In the same issue of Nature, a team led by researchers at St. Jude Children’s Research Hospital in Memphis, TN, reported on their study looking for mutations in genes that might correlate with relapse in patients with acute lymphoblastic leukemia (ALL). The team, led by Charles G. Mullighan and Jinghui Zhang, resequenced 300 genes in matched diagnosis and relapse samples from 23 patients with ALL. They then carried out an analysis of an extended cohort of 71 diagnosis-relapse cases and 270 acute leukemia cases that did not relapse.

The analysis identified sequence or deletion mutations in CREBBP in 18.3% of relapse cases. Conversely, “CREBBP alterations in cases of childhood acute leukemia that did not relapse were rare, with only one additional CREBBP mutation identified in 200 AML and ALL cases,” the researchers note.
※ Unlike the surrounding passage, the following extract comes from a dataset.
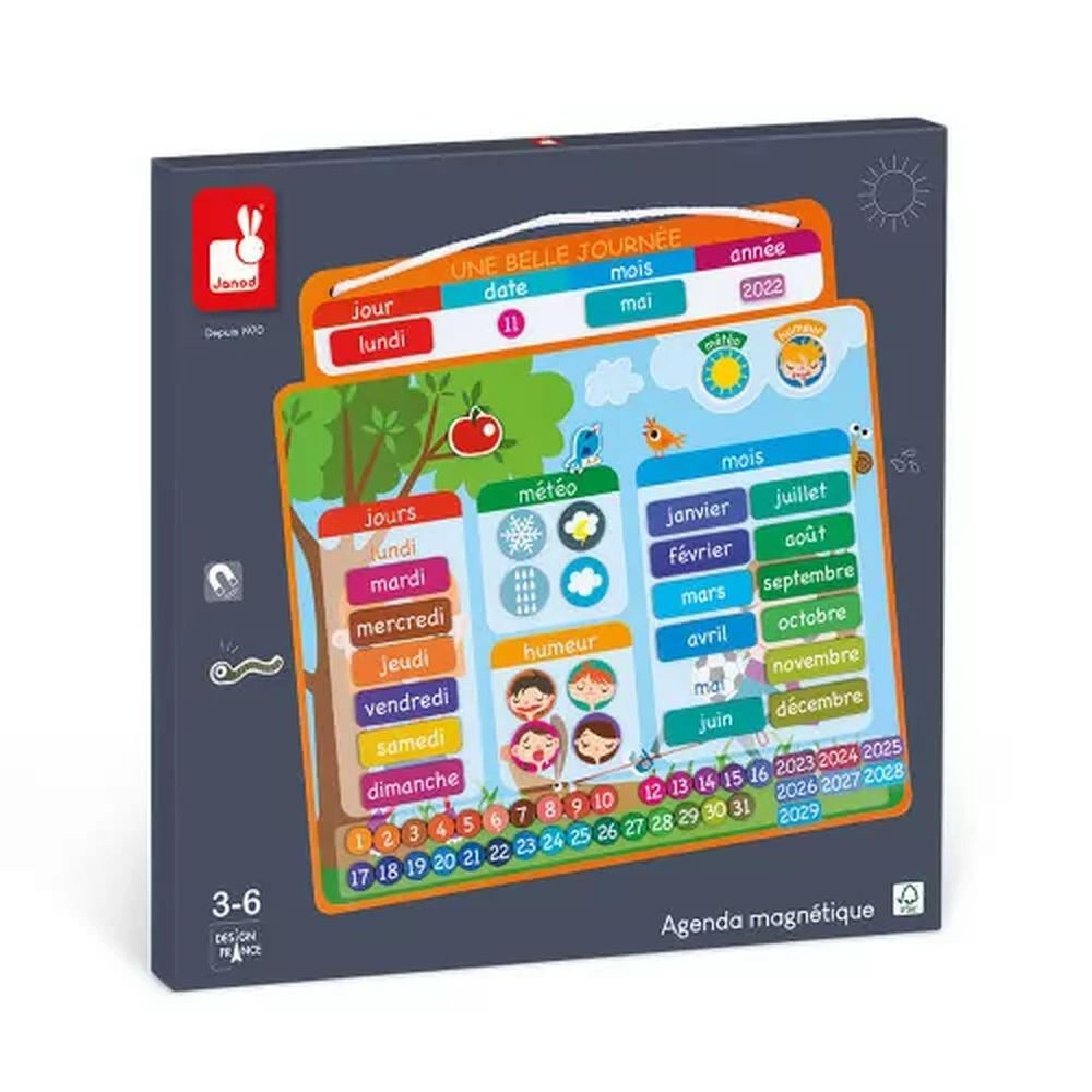 FAMILIENPLANER: Setzen Sie die Wochentagmagnete in die Spalten, dann die Aktivitätsmagnete an den Anfang der Reihen, und organisieren Sie die Woche der Familie mit 5 verschiedenen Tieren mit je 11 Exemplaren. Die Wochentagmagnete (in 6 Sprachen erhältlich) kommen oben in die Spalten und die Aktivitätsmagnete an den Anfang der Reihe. Wochentage Lernen Kinder Wochenplaner Kinder - Montessori Magnettafel Inkl. 208 Magnete Janod Magnetbuch Papierrolle Für Magnet- Und Kreidetafeln : Tafel & Magnete... Wochentage im Kindergarten: Ganz einfach mit Wilma lernen So vergessen sie nicht, wer sie von der Schule abholt oder an welchem Tag sie Sport treiben. Für jeden Tag und jede Aktivität gibt es ein bestimmtes Quadrat, auf dem Ihr Kind einen Tiermagneten platziert, der das Familienmitglied oder die Familienmitglieder darstellt, die an der Aktivität teilnehmen. Schreiben Sie mit dem löschbaren Filzstift auf die untere Tafel einen Vornamen neben jedes Tier und setzen Sie die Tiermagnete auf die Kreuztabelle. Mit diesem magnetischen Organigramm wird die Familienplanung zum Kinderspiel. Organisieren Sie die Woche mit 20 Aktivitätsmagneten (Haushalt, Freizeit, Party ., ., ., ). Sie hilft Ihrem Kind ab 3 Jahre, sich in der Zeit zurechtzufinden, den Begriff der Zeitplanung zu verstehen und die Zeit einzuteilen. Ideal, um Ihr Kind im Alltag zu begleiten und ihm zu helfen, selbstständiger zu werden! Janod-Spiel für Kinder von 3 bis 8 Jahre. Spielzeug, das bis ins Detail ausgearbeitet ist, um spielerisch zu lernen, die Welt zu erkunden, zu träumen und zu teilen. Ordnen Sie jedem Tier in der unteren Tabelle mit dem Filzstift einen Namen zu. Janod - Familienplaner - Magnet-Tafel + 97 Magnete - Wochentage und Organisieren Lernen - Pappspielzeug - Ab 3 Jahre, J05469 Spar-Tips? Preise vergleichen und Marken und Artikel Bewertungen lesen bei DIE MACHT DES SPIELS: Mit spannenden, innovativen Kollektionen begleitet Janod Kinder bei einem tollen Abenteuer: Heranwachsen! Das Spiel bietet Magnete mit alltäglichen Aktivitäten, von Hausarbeit bis Freizeit, nicht zu vergessen Ausflüge und Geburtstage. Enthält 2 Magnet-Tafeln, 1 abwischbaren Filzstift, 20 Aktivitätsmagnete, 55 Magnetfiguren, 42 Wochentag-Sticker.

Importantly, the CREBBP mutations were either present at diagnosis or acquired at relapse and were associated with impaired histone acetylation and transcriptional regulation of CREBBP targets, the team discovered. “Several mutations acquired at relapse were detected in subclones at diagnosis, suggesting that the mutations may confer resistance to therapy.”

The team subsequently confirmed the adverse effects of CREBBP mutations on histone acetylation and other biochemical processes in mouse models. They suggests that the high frequency of CREBBP mutations in relapsed ALL, combined with the persistence, re-duplication, or emergence of mutations from diagnosis to relapse and the location of the mutations in key CREBBP functional domains suggest that the gene alterations not only impair CREBBP function but also influence treatment responsiveness.

“These results, together with those of Pasqualucci et al. identifying a high frequency of CREBBP and EP300 mutations in diffuse large B-cell and follicular lymphoma, also identify CREBBP and EP300 as new targets of recurring mutation in a range of lymphoid malignancies,” concludes the group from St. Jude Children’s Research Hospital.

“The observation that the CREBBP mutations impair regulation of glucocorticoid-responsive genes and that the mutations are selected for at relapse suggests that these alterations may influence response to therapy and the likelihood of relapse. These results are also of clinical relevance because they suggest that therapeutic approaches directed at modulating protein acetylation may be useful in high-risk ALL, particularly as HDAC inhibitors may induce apoptosis in glucocorticoid-resistant leukemic cells.”  

Details appear in a paper is titled “CREBBP mutations in relapsed acute lymphoblastic Leukemia.”